(Saved entries)
###

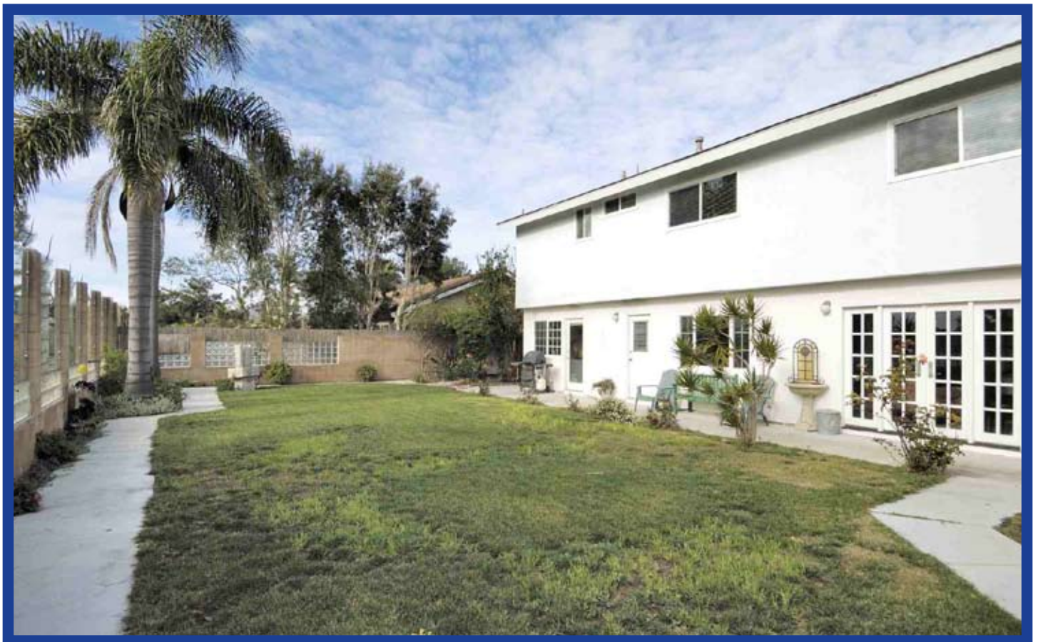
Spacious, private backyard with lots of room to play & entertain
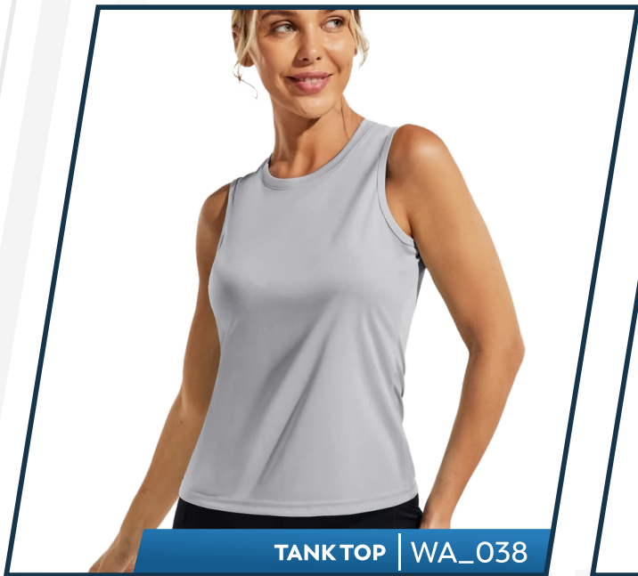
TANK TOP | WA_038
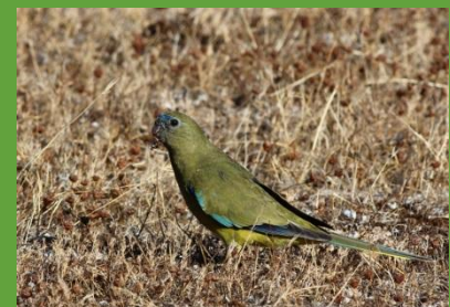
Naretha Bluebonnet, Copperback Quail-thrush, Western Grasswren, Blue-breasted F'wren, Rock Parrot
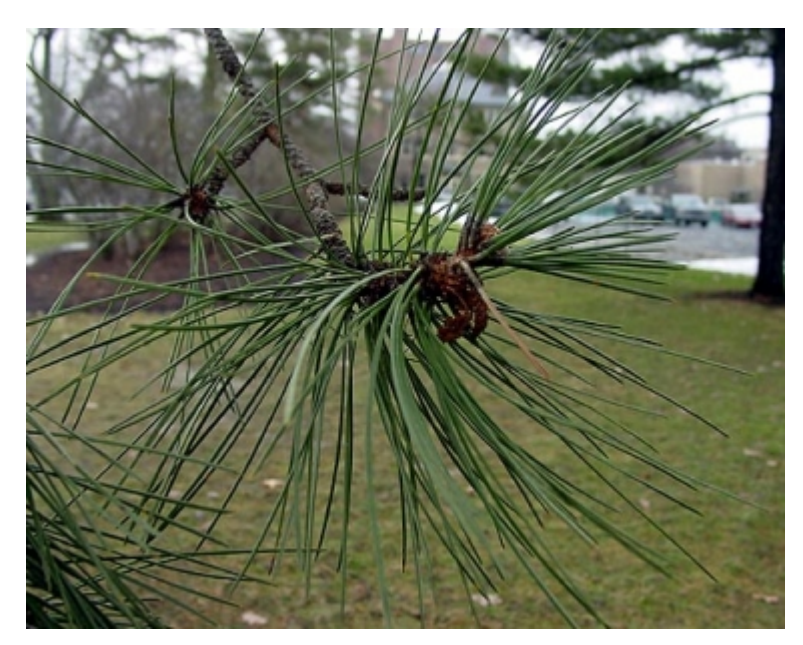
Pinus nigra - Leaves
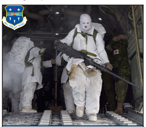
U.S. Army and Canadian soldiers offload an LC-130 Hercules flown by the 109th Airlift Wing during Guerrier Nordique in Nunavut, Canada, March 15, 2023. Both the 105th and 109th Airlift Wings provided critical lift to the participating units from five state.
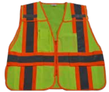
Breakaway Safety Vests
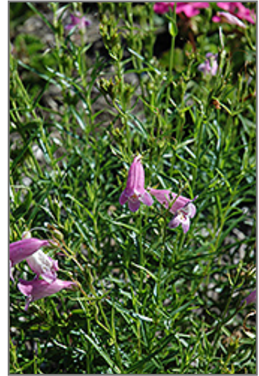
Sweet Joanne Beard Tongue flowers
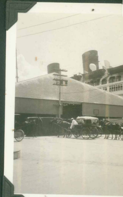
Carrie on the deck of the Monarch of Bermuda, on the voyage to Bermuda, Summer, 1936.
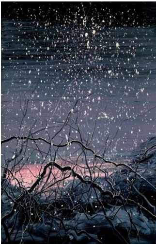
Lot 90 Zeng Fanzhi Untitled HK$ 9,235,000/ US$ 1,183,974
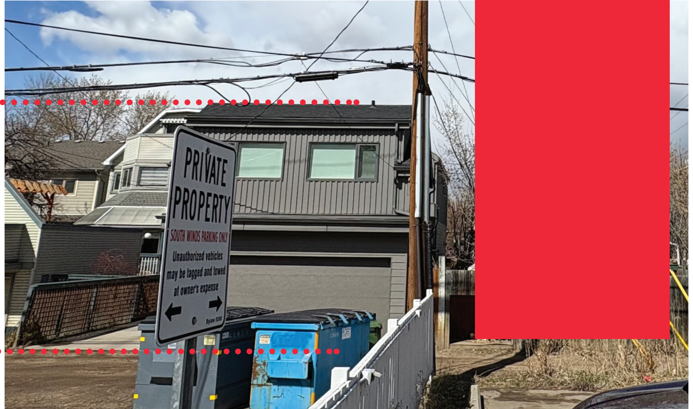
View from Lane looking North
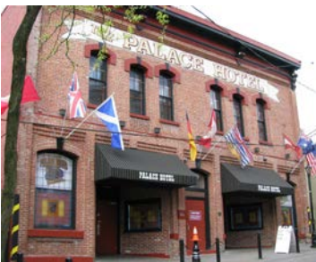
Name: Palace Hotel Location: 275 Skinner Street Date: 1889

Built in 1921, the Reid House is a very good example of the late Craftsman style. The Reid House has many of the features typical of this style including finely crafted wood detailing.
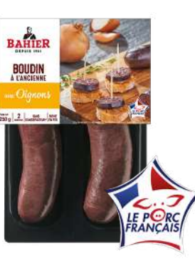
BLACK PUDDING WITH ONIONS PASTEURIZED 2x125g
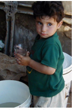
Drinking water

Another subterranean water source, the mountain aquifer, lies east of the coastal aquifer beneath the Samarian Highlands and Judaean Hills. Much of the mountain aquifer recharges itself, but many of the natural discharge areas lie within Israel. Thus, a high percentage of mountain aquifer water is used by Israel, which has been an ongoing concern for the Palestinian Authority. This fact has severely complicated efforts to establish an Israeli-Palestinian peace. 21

###

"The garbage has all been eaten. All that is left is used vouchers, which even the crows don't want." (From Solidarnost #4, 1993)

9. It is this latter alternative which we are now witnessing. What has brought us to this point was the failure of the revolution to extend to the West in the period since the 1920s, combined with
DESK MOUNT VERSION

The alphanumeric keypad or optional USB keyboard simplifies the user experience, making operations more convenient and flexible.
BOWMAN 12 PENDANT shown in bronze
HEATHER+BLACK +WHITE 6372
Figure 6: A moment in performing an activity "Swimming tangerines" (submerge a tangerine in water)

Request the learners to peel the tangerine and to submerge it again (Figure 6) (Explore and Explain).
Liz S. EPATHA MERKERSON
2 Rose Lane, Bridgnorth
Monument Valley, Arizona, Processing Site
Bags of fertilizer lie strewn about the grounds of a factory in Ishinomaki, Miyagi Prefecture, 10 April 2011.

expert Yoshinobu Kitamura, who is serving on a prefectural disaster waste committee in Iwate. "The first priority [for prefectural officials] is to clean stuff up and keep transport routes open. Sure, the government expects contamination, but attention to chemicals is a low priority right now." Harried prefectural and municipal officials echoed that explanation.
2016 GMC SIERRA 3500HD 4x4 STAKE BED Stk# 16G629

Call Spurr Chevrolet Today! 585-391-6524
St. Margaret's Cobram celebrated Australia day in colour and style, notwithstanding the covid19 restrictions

###

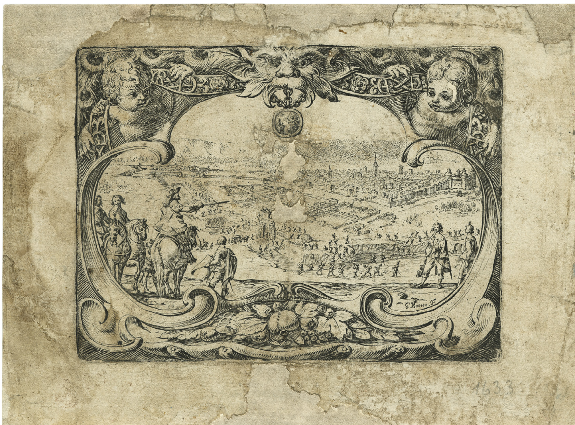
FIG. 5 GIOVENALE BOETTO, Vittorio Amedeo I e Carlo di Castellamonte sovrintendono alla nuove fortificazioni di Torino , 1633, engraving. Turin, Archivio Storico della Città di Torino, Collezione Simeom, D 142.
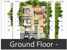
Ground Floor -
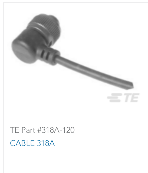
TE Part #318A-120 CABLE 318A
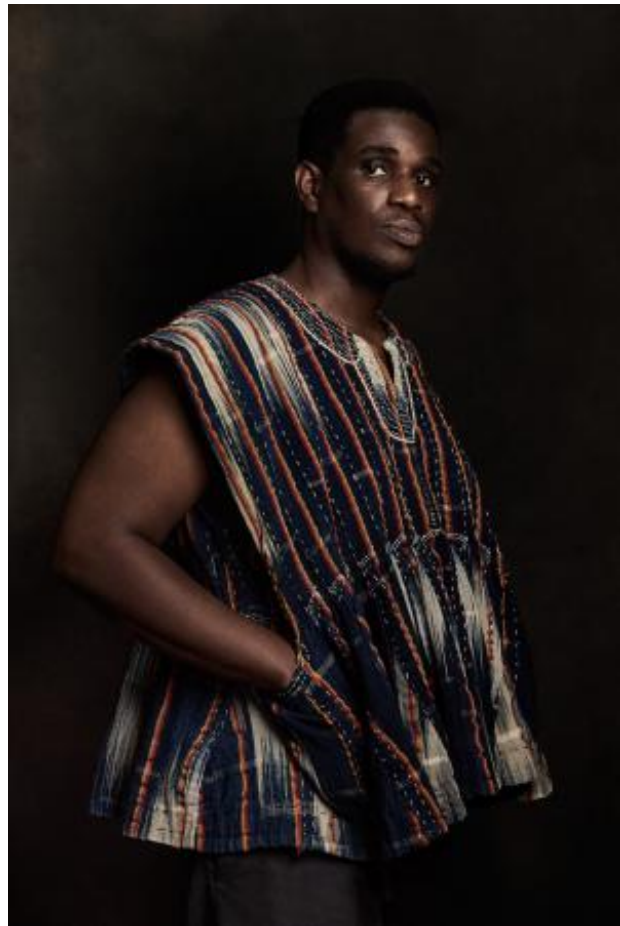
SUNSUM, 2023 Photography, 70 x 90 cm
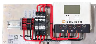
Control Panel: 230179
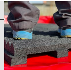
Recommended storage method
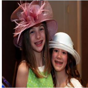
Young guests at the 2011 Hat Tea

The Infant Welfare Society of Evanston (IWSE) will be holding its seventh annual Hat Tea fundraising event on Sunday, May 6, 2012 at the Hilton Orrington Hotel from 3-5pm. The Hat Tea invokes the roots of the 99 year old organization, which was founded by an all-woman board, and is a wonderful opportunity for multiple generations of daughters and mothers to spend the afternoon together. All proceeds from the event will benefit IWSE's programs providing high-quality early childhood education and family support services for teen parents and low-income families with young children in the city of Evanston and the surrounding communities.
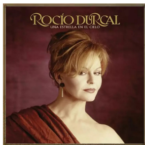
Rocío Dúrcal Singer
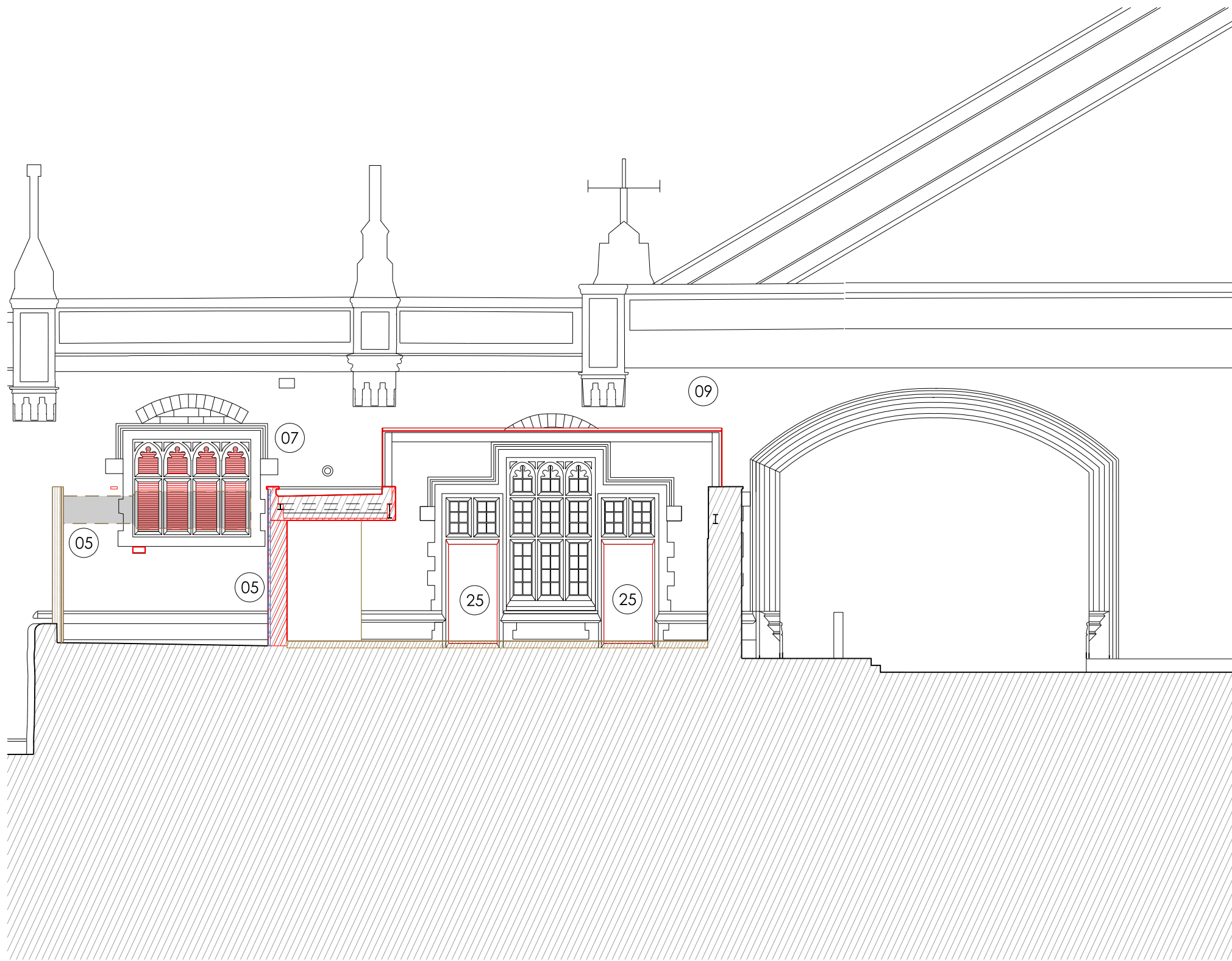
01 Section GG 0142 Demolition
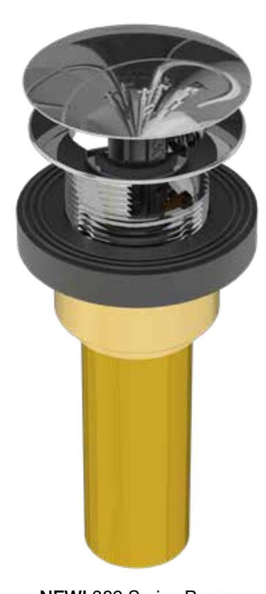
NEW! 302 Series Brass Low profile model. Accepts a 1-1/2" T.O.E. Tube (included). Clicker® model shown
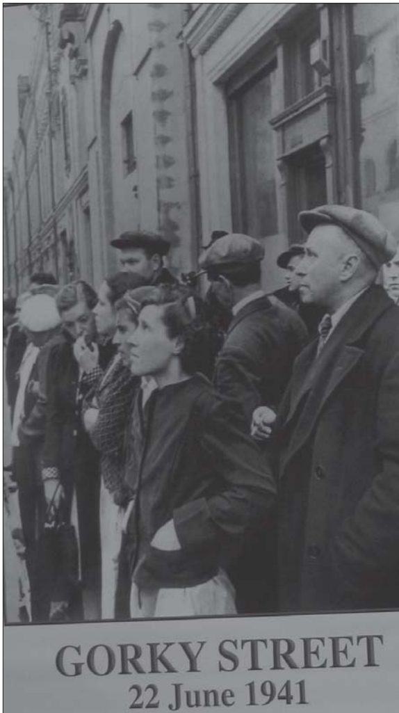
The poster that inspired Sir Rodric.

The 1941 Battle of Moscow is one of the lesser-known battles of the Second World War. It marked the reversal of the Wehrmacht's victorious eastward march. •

###

Work required >> Could you reproduce exactly the lines of the entries above, from the one with "BOWMAN 12 PENDANT shown in bronze" through the one with "Bags of fertilizer", and nothing else?

Exercise answer >>
BOWMAN 12 PENDANT shown in bronze
HEATHER+BLACK +WHITE 6372
Figure 6: A moment in performing an activity "Swimming tangerines" (submerge a tangerine in water)

Request the learners to peel the tangerine and to submerge it again (Figure 6) (Explore and Explain).
Liz S. EPATHA MERKERSON
2 Rose Lane, Bridgnorth
Monument Valley, Arizona, Processing Site
Bags of fertilizer lie strewn about the grounds of a factory in Ishinomaki, Miyagi Prefecture, 10 April 2011.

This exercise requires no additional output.